As each vector in $K_i$ can be expressed as a non-negative linear combination of its generators, we can rewrite the constraints as follows: $\sum_{i=1}^{|\mathcal{A}|}\sum_{r=1}^{t_i}\mu^r_ig^r_i(\omega_j) = p(\omega_{j}) \,\, \forall j \in \mathcal{S}$ $\mu^r_i \geq 0\,\, \forall i \in \mathcal{A},r = 1, \ldots, t_i$

If one adds up the constraints, we see that $\sum_{j=1}^{|\mathcal{S}|}\sum_{i=1}^{|\mathcal{A}|}\sum_{r=1}^{t_i}\mu^r_ig_i^r(\omega_j) = 1$. In other words, the prior distribution $p(\cdot)$ can be expressed as a convex combination of other distributions. In this way arrive at another popular formulation of the persuasion problem which is in terms of finding a decomposition of the prior into a convex combination of possible posteriors. Notice, the set of possible posterior distributions that need to be considered  are limited to the generators of the corresponding cones $K_i$. We illustrate why this is useful in a moment. For now, let me point out a connection to the other magical phrase that appears in the context of persuasion: concavification.

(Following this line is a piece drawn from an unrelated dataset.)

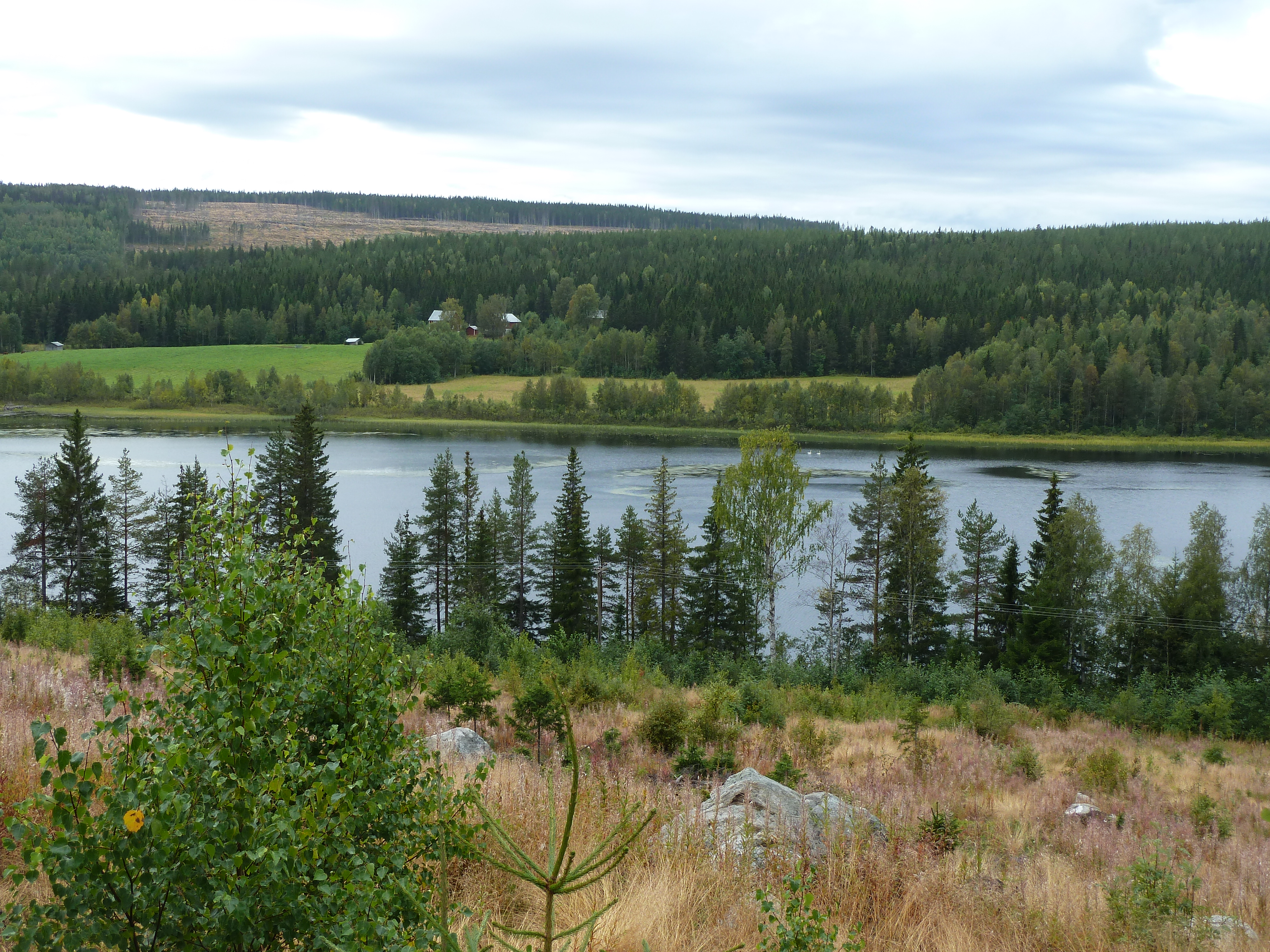 Skalmsjösjön

First, express the persuasion problem in terms of the weight assigned to the generators: $\max \sum_{a_i \in \mathcal{A}}\sum_{r=1}^{t_i}[\sum_{\omega_j \in \mathcal{S}}V_S(a_i, \omega_j)g_i^r(\omega_j)]\mu^r_i$

subject to $\sum_{i=1}^{|\mathcal{A}|}\sum_{r=1}^{t_i}\mu^r_ig^r_i(\omega_j) = p(\omega_{j}) \,\, \forall j \in \mathcal{S}$ $\mu^r_i \geq 0\,\, \forall i \in \mathcal{A},r = 1, \ldots, t_i$

Letting $y$ be the vector of dual variables, the linear programming dual of the persuasion problem is: $\min \sum_{\omega_j \in \mathcal{S}}p(\omega_j)y_j$

subject to $\sum_{\omega_j \in \mathcal{S}}g^r_i (\omega_j)y_j \geq \sum_{\omega_j \in \mathcal{S}}V_S(a_i, \omega_j)g_i^r(\omega_j)\,\, \forall i \in \mathcal{A}\,\, r = 1, \ldots t_i$

This dual problem characterizes the sender’s optimal value in terms of a concave envelope (since Kamenica & Gentzkow (2011) this is the most popular way to state a solution to the persuasion problem). Notice, the approach taken here shows clearly that the receiver’s preferences alone determine the set of posterior beliefs that will play a role. This idea is implicit in Lipinowski and Mathevet (2017). They introduce the notion of a posterior cover: a collection of sets of posterior beliefs, over each of which a given function is convex. When the given function is the best response correspondence of the receiver, this reduces precisely to the cone of the obedience constraints.

To demonstrate the usefulness of the conic representation of the obedience constraints, lets examine a persuasion problem with one dimensional state and action space described in Kolotillin and Wolitzki (2020). To simplify notation assume that $\mathcal{S} = \{1, 2, \ldots, |\mathcal{S}|\}$ and $\mathcal{A} = \{1, \ldots, |\mathcal{A}|\}$. Write $\omega_j$ as $j$ and $a_i$ as $i$

The goal of KW2020 is to provide a general approach to understanding qualitative properties of the optimal signal structure under two substantive assumptions. The first is that the sender’s utility is increasing in the receiver’s action. The second is called aggregate downcrossing, which implies that the receiver’s optimal action is increasing in his belief about the state.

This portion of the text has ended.